Para ulama pengusung adanya zakat profesi pun menyatakan bahwa zakat itu diambil dari gaji bersih (netto) pegawai setelah dikeluarkan biaya hidup dan tanggungan sehari-hari beserta utang-utang muzakki. Di antaranya sebagaimana disebutkan oleh Syekh Yusuf Al-Qaradhawi, “Jika kita memilih pendapat yang mewajibkan adanya zakat gaji dan upah lainnya, maka yang kita rajihkan (kuatkan) adalah bahwa zakat tersebut hanya diambil dari gaji netto. Kita mengatakan demikian supaya dikeluarkan dari gaji tersebut semua utang yang ada, dan juga biaya hidup minimal bagi muzakki serta biaya hidup orang-orang yang menjadi tanggungannya. Karena biaya hidup minimal tersebut merupakan sesuatu yang tidak bisa dielakkan. Biaya minimal itu merupakan kebutuhan aslinya, sementara zakat itu hanya wajib pada harta yang nishabnya lebih dari kebutuhan asli.” Kemudian beliau melanjutkan, “Sisa bersih dari gaji setahun beserta pemasukan lainnya diambil zakatnya jika sampai nishabnya. Gaji dan upah yang dalam setahun tidak sampai nishab uangnya -setelah dikeluarkan kebutuhan yang kami sebutkan- seperti halnya gaji pekerja ataupun pegawai golongan bawah, maka tidak ada kewajiban zakatnya.” (Fiqhu Az-Zakaah: 517-518)
Oleh karena itu, jika memang Baznas ingin mengambil pendapat adanya zakat profesi dengan memotong zakat dari gaji pegawai setiap bulannya, maka hendaknya diperhatikan hal-hal berikut ini:
- Gaji yang dipotong untuk zakat adalah gaji netto yang jumlahnya dalam setahun mencapai nishab. Jumlah netto ini diukur dengan mengurangi kebutuhan pegawai dan keluarganya secara umum dalam setahun. Jadi jangan sampai keinginan kita untuk menyejahterakan kaum fakir miskin dengan zakat justru membuat para muzakkinya hidup dalam kekurangan setiap bulannya. Uang dua ratus ribu per bulan sangat besar artinya bagi masyarakat yang gajinya 7 juta perbulan.

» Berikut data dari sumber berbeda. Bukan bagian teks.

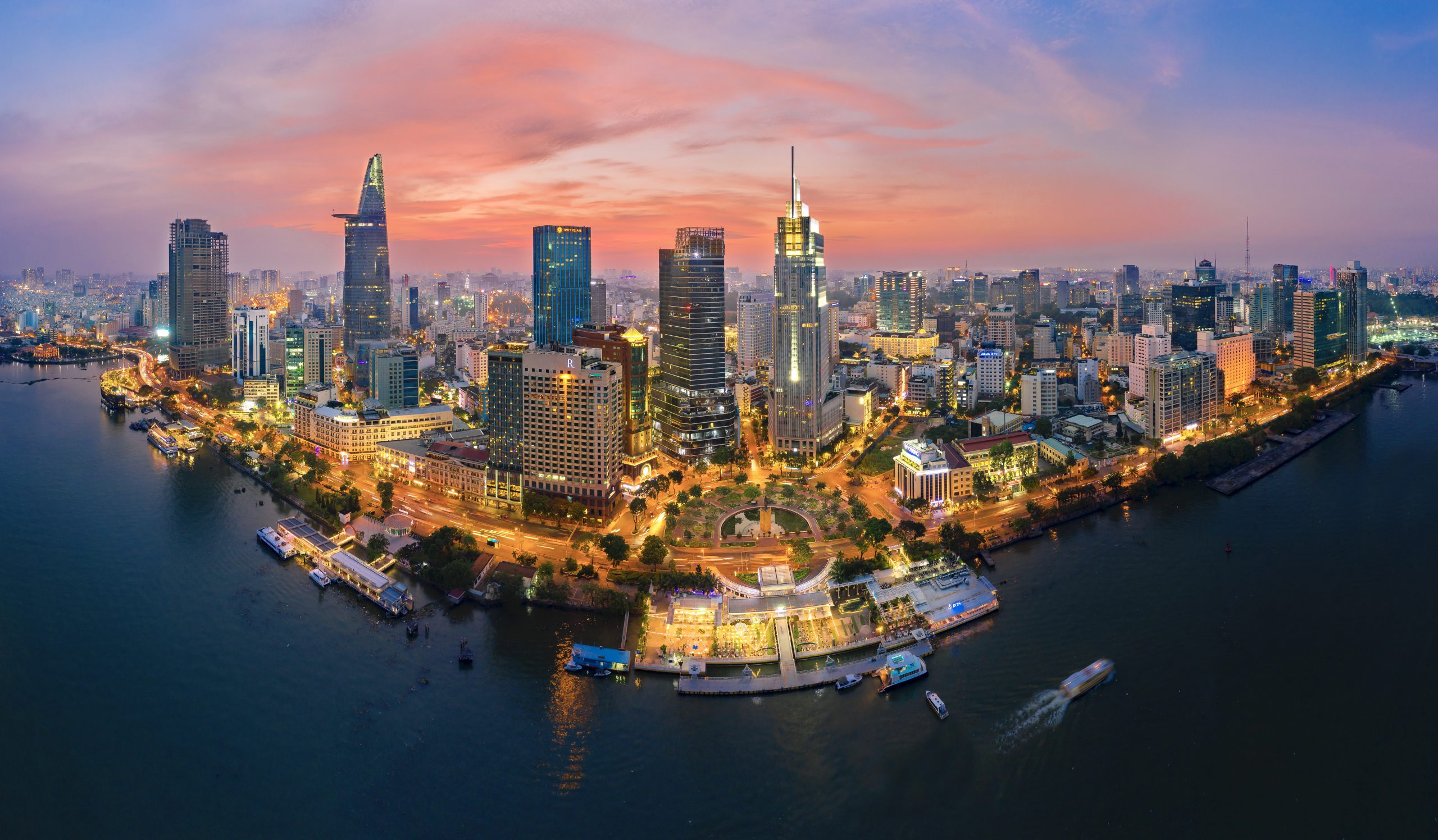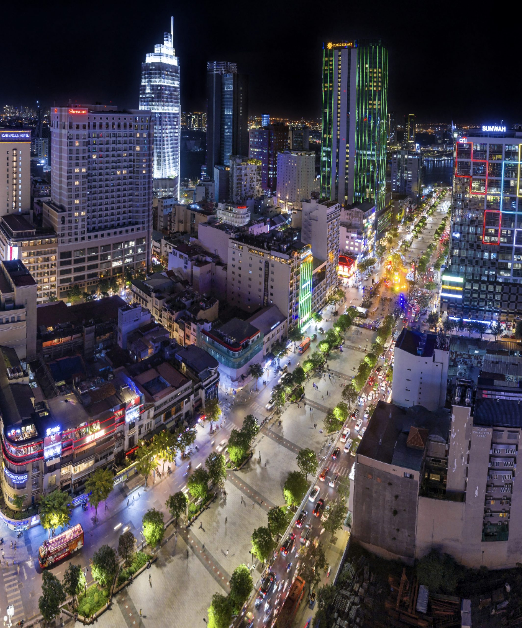 Phố đi bộ Nguyễn Huệ hướng thẳng ra sông Sài Gòn
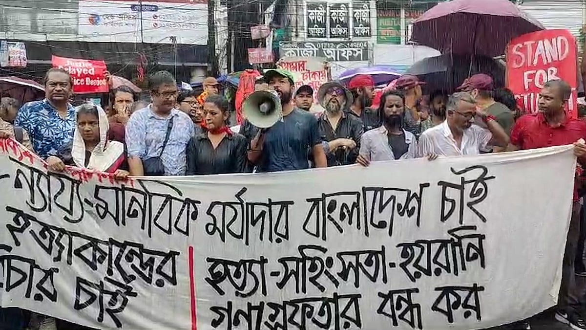 <p>বৃষ্টিতে ভিজে রাজধানীর ফার্মগেটে সমাবেশ করেছেন দৃশ্যমাধ্যমের শিল্পীরা। তবে পুলিশের বাধায় তাঁরা পূর্বঘোষিত মানিক মিয়া অ্যাভিনিউয়ে সমাবেশ করতে পারেননি। বিস্তারিত দেখুন ভিডিওতে...</p>

- Penghitungan kebutuhan bulanan pegawai dan keluarganya bisa mengacu pada UMP masing-masing daerah, atau diputuskan oleh MUI setempat dengan mempertimbangkan kondisi sosial ekonomi masyarakatnya. Meskipun demikian, tetap dibuka peluang bagi pegawai yang merasa keberatan dengan pemotongan zakat tersebut untuk mengajukan keberatannya kepada amil zakat dengan menyampaikan biaya hidup bulanan yang harus dikeluarkannya beserta utang-utang yang harus dibayarkannya.

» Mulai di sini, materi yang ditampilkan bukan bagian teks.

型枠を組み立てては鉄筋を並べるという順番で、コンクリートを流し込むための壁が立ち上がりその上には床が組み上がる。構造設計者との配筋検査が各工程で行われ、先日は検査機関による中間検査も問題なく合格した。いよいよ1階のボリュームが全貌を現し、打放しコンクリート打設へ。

Zakat tersebut sebaiknya tidak dipungut oleh pusat, tetapi diserahkan kepada Bazda atau LAZ di masing-masing daerah, karena mereka lebih mengetahui dengan kondisi masing-masing daerah. Ini juga sejalan dengan prinsip utama zakat itu sendiri, yang diambil dari masyarakat yang kaya dan diberikan kepada masyarakat miskin di daerah tersebut, sebagaiama disebutkan dalam hadis sahih ketika Nabi mengutus Mu’adz bin Jabal berdakwah ke Yaman, beliau berpesan, “Sampaikan kepada mereka bahwa Allah mewajibkan sedekah (zakat) terhadap mereka, yang diambil dari orang-orang kaya mereka, kemudian dikembalikan kepada orang-orang miskin mereka.” (HR. Bukhari). Wallahu a’lam bish shawaab.